Через несколько дней я иду в гимназию. Радость встреч, несколько новеньких. Знакомства. "А это кто такая? Не смотрит ни на кого". "Это Шкловская пишет стихи". Чувствую, что умираю от любопытства, желания подружиться и страха, что моему литературному первенству пришел конец. Она садится со мной рядом, на ту же парту. Ей, как и мне, тринадцать лет, но лицо ее лицо взрослого человека: серьезный взгляд серых глаз, узкий нос, слегка поджатые губы, и фигура женщины. Я невольно теряюсь. Мы, однако, переходим на ты. Она говорит, что у нее есть, двоюродный брат, литературный критик. Никогда не слыхала! (я смущена). Я знакомлю ее с Надей Оцуп (позже была репрессирована как троцкистка) - у нее брат поэт; я знакомлю ее с Люсей М. (позже расстрелянной) - у нее отец издатель. И еще с Соней Р. (покончившей с собой в 1931 году) - у нее брат будущий киноартист. Мы все цвет класса. Она теперь тоже цвет класса. Я ей намекаю на это обстоятельство, она понимает меня, но молчит.

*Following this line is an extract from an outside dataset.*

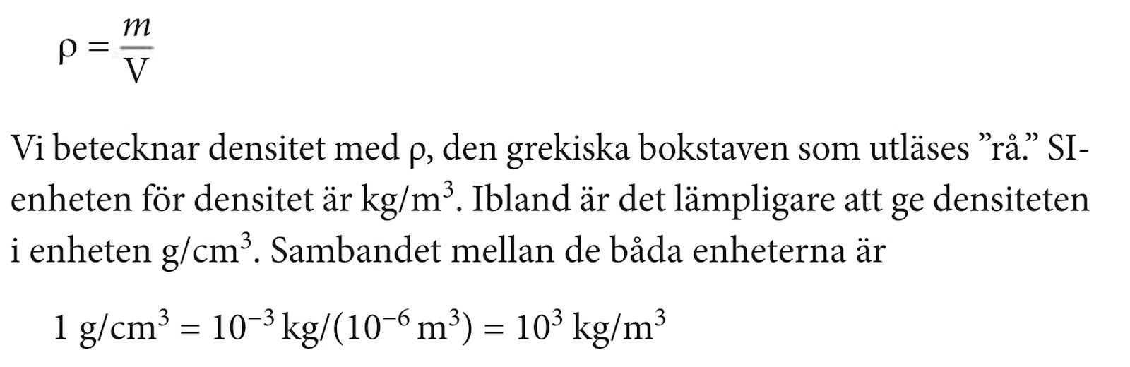 I så fall borde du vara med på att 1 kg/m3 = 103/106 g/cm3 = 10-3 g/cm3 och alltså att 103 kg/m3 = 103•10-3 g/cm3 = 1 g/cm3.

На русском уроке ее вызывают к доске. Правда ли, что она пишет стихи? Это правда. Она нисколько не смущается, она каменно спокойна. Может быть, она прочтет их классу? Отчего же, она может их прочесть. В лице ее никакого волнения. Я волнуюсь за нее. Она обводит глазами потолок и смотрит в окно. Брови ее, круглые и высокие, поднимаются еще выше. Уверенно, очень отчетливо, она читает:
Ландыши тихо цвели,
Дружно о счастье мечтали.
Бедные ландыши скоро увяли.
Видел ли кто, как они расцвели?
Я с трудом набираю воздух в легкие. Это так хорошо, что я чувствую, как все во мне тает от восхищения. Наташа читает еще:
Эх, взлететь бы мне высоко
Над болотною осокой,
Цепи сердца в море кинуть,
В беспросветную пучину.
Все на свете позабыть,
Вольно жить!
Но мои погрязли крылья
В тине мутного бессилья.
Мне глаза закрыты снами,
Hoги скованы цепями,
Мне цепей не разорвать:
Надо ждать.
Сердце мое сильно бьется. Я люблю ее. Я люблю ее косу, ее родинку у носа, ее немного слишком белые, взрослые руки, ее колечко, ее воротник из суровых кружев, я люблю ее лицо, напоминающее мадонну Кранаха, и больше всего я люблю ее стихи.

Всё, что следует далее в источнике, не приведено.